I mean, I am sort of a bitch to Nina, but I have my reasons for that. And besides, I stood up for Revenna in the bathroom … sort of. I could tell him that, but why do I even care? Why am I letting Thorn make me care? It’s annoying.

I’m about to throw back a witty and possibly slightly bitchy remark when the teacher interrupts me.

“Thorn and Remi, please stop talking, or I’m going to give you lunch detention,” he says, causing the entire class to turn and look at us.

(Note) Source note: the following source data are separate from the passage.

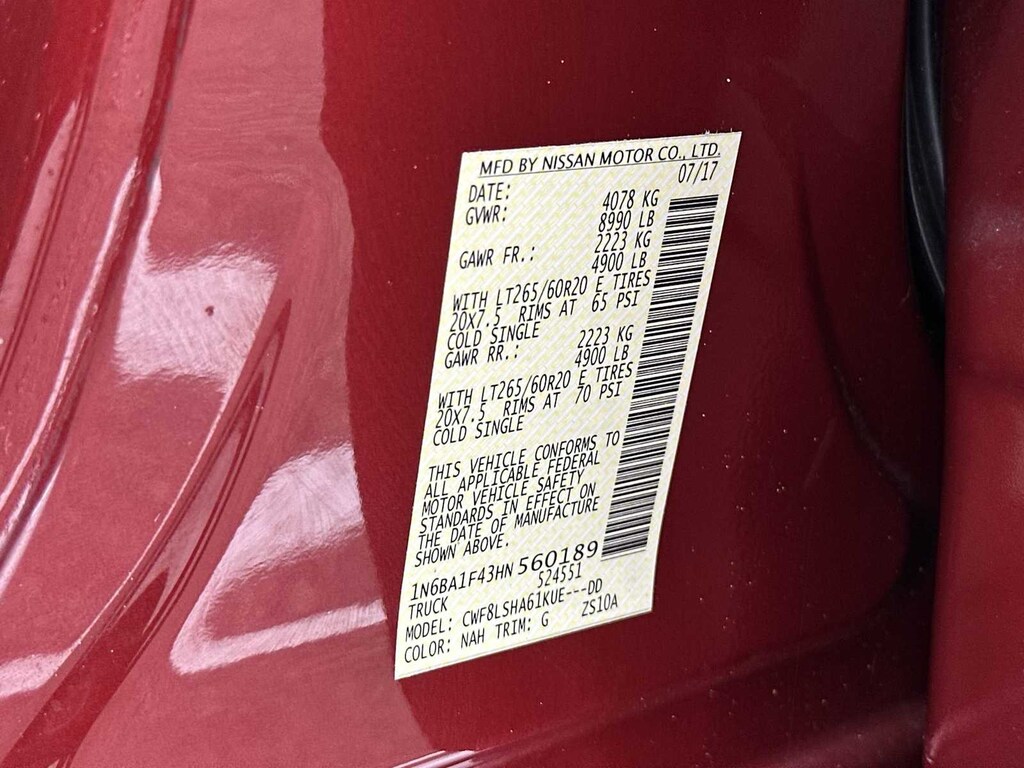 Recent Arrival! HOME OF THE LIFETIME WARRANTY! BUY WITH CONFIDENCE! WE LOVE TRADES! HASSLE FREE FINANCE PLANS FOR EVERYONE! PLEASE CALL TO ENSURE AVAILABLITY AS OUR INVENTORY CHANGES BY THE HOUR. Odometer is 8989 miles below market average! **TOUCHLESS DELIVERY - BUY FROM CONVENIENCE OF YOUR HOME**, HTTPS://WWW.DRIVEWAY.COM, HTTPS://WWW.CHEVYOFWESLEYCHAPEL.COM, New Feature, 110V Outlet In Bed, 20 Painted Alloy Wheels, 3.916 Axle Ratio, 4-Wheel Disc Brakes, 6 Speaker System, 6 Speakers, ABS brakes, Air Conditioning, AM/FM radio: SiriusXM, Auto Dual Zone HVAC, Auto On/Off Headlights, Auto-Dimming Rear-View Mirror, Blind Spot Warning w/Rear Cross Traffic Alert, Block heater, Brake assist, Bumpers: chrome, Carpet Floor Mats, CD player, Chrome Interior Door Locks, Cloth Seat Trim w/Vinyl Stain-Resistant Bolsters, Convex Spotter Mirror, Driver door bin, Driver vanity mirror, Dual front impact airbags, Dual front side impact airbags, Electronic Stability Control, Electronic Tailgate Lock, Flat Floor Storage Box, Fog Lamps, Front & Rear Parking Sensors, Front anti-roll bar, Front Center Armrest w/Storage, Front reading lights, Front Split Bench Seat (40/20/40), Front wheel independent suspension, Heated door mirrors, Heated Front Captains Seats w/Center Console, Illuminated entry, Intelligent Key System, Leather Seat Trim, Leather Wrapped Steering Wheel, LED Under Rail Bed Lighting, Low tire pressure warning, Occupant sensing airbag, Outside temperature display, Overhead airbag, Overhead console, Painted Rear Bumper, Panic alarm, Passenger door bin, Passenger vanity mirror, Power door mirrors, Power Slide Rear Window w/Defogger, Power steering, Power windows, Radio data system, Radio: NissanConnect w/Navigation & Mobile Apps, Radio: NissanConnect w/SiriusXM & Mobile Apps, Rain Sensing Wipers, Rear anti-roll bar, Rear HVAC Vents, Rear seat center armrest, Rear step bumper, Rear window defroster, Rearview Monitor, Remote keyless entry, Security system, Siri Eyes Free, Speed control, Speed-sensing steering, Speed-Sensitive Wipers, Splash Guards, Split folding rear seat, Spray-In Bedliner, Steering wheel mounted audio controls, Step Rails, SV Comfort & Convenience Package, SV Utility Package, Tachometer, Tailgate Area Illumination, Telescoping steering wheel, Tilt steering wheel, Traction control, Turn signal indicator mirrors, Universal Garage Door Opener, Utilitrack System w/4 Tie-Down Cleats, Variably intermittent wipers, Voltmeter, Wheels: 17 x 7.5 Silver Styled Steel.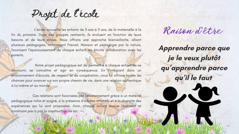 Située à Grateloup Saint Gayrand, Les co-papillons est une école privée alternative qui propose une approche éducative innovante, centrée sur l'enfant et son développement global.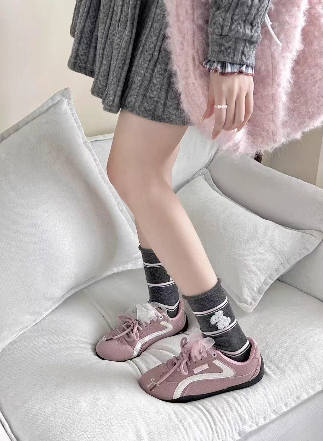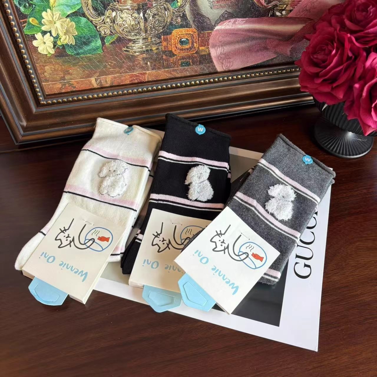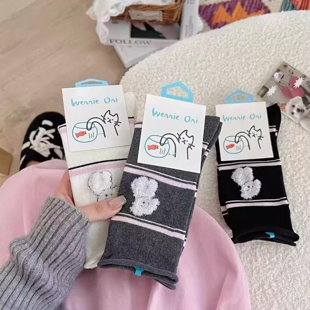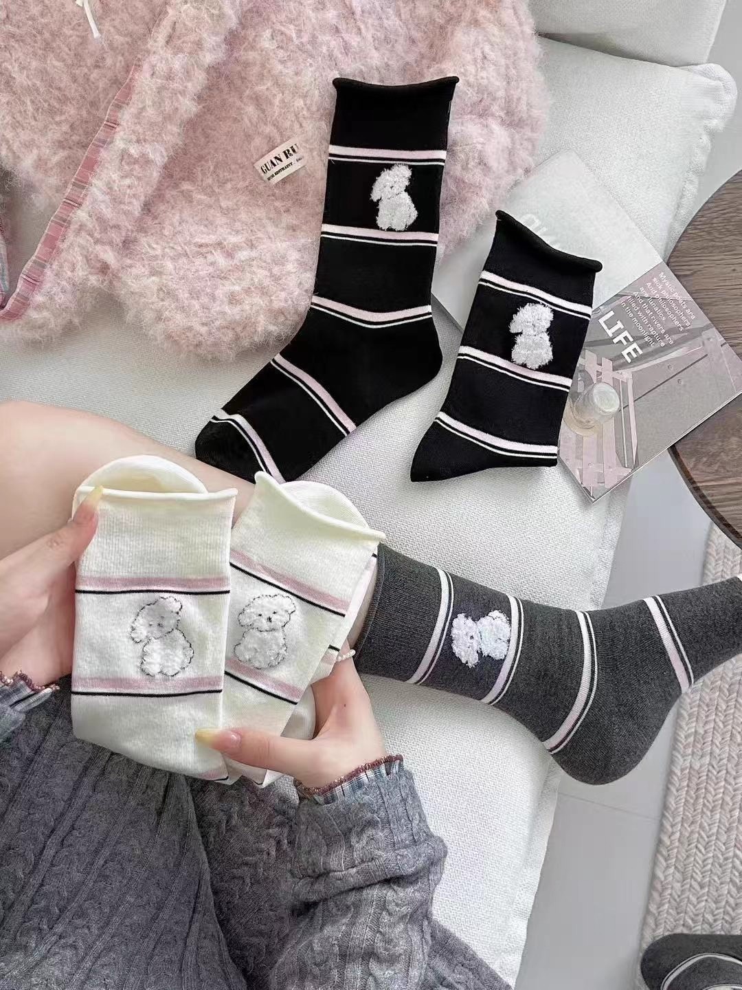条纹小狗袜子女2025新款爆款中筒袜春夏季纯棉日系卷边可爱堆堆袜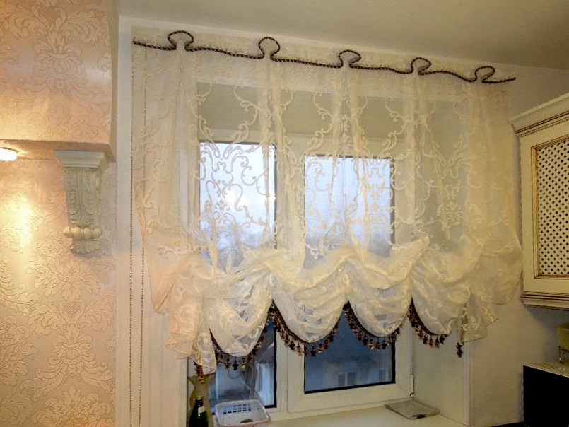 Выполняется подхват из бус, шнуров. В качестве декора рулонных штор выступают банты, кисти, кружево. Для кухонного пространства и гостиной подойдут изящные неброские элементы. В зависимости от предназначения помещения подвязки выполняют из ткани, шнуров или галстуков.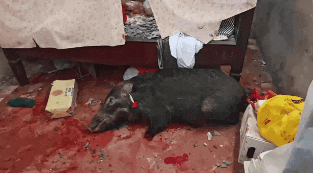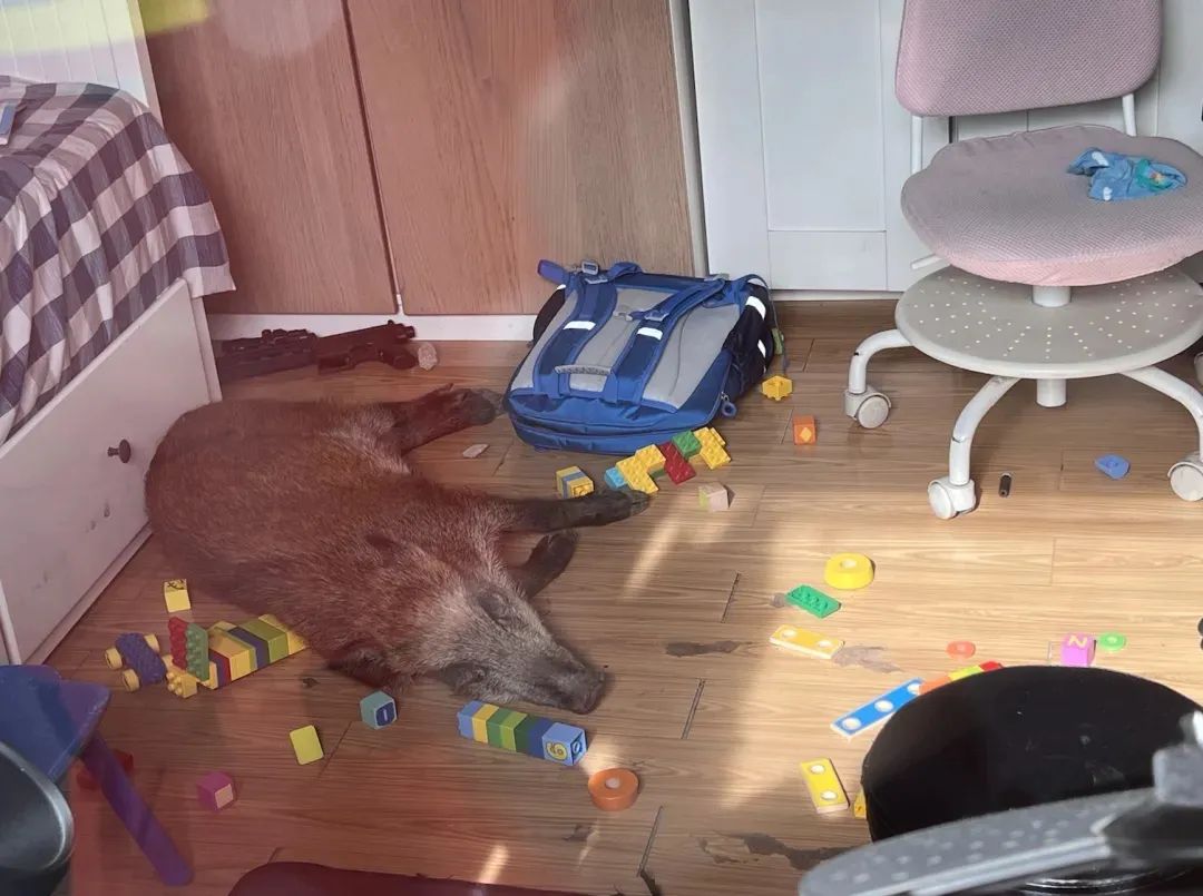 2024年10月,北京门头沟一居民家中,闯入一头重约50斤的负伤山猪,消防队员迅速赶到,将其制服。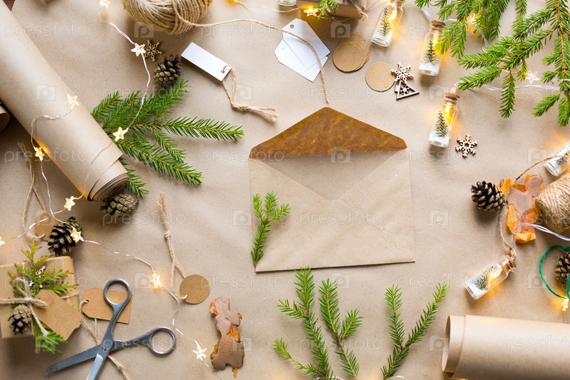 Конверт с поздравлениями на Новый год и Рождество из экологически чистых материалов: крафт-бумага, живые еловые ветки, шишки, шпагат. Теги макет, натуральный декор, ручная работа. Письмо для Деда Мороза. категорически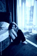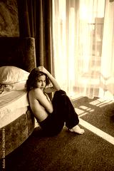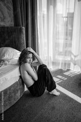 Woman sitting by the bed in a sunlit room, experiencing a moment of reflection
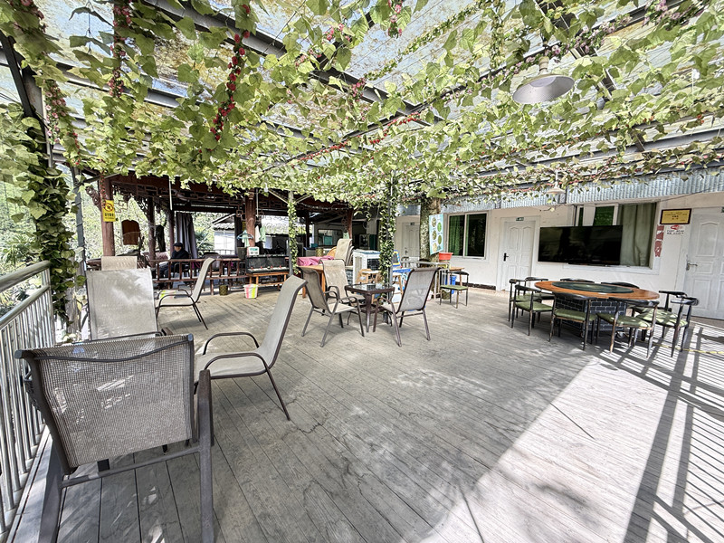 2、店铺情况:民宿农家乐依山而建,共四层,一楼二楼都是餐饮,棋牌室,厨房区域,还有住宿房间,三楼四楼全是房间,总共房间19个,河边的几十米长凉亭也可使用,平时喝茶棋牌娱乐都可以,停车场就在凉亭旁边,有实力的老板拿过来还可以重新修建,总共打造20多个房间没有问题,位置没的说,可以说是自带流量,青城山大体量路边位置,目前可以整体出租,免租期给1年,如果后期投资大,免租期还可延长,先到先得!--大彭

Nina smirks at me when our eyes connect then reaches up and combs her fingers through Zane’s hair while giving him a kiss on the cheek. Zane gives her a strange, confused look then tracks her gaze to me. When our eyes lock, he frowns and swallows hard. In response, I pretend to be bored and yawn.

The truth is, though, that the idea of him possibly cheating on me with Nina is bugging the stupid souls out of me. It’s completely stupid that it is. Out of all the things that could bother me.

Zane looks away and focuses back on the teacher as he returns back to his lecture.

“And if you’re such a good person,” Thorn hisses underneath his breath, “then why can’t your ex-boyfriend and ex-best friend, the two most stuck-up people in this entire school, stand you?”

I want to tell him so many things, but what would be the point? Thorn hates me and has some fairly good reasons too. And I have bigger things to worry about, like getting through another day of high school hell and planning my next meal.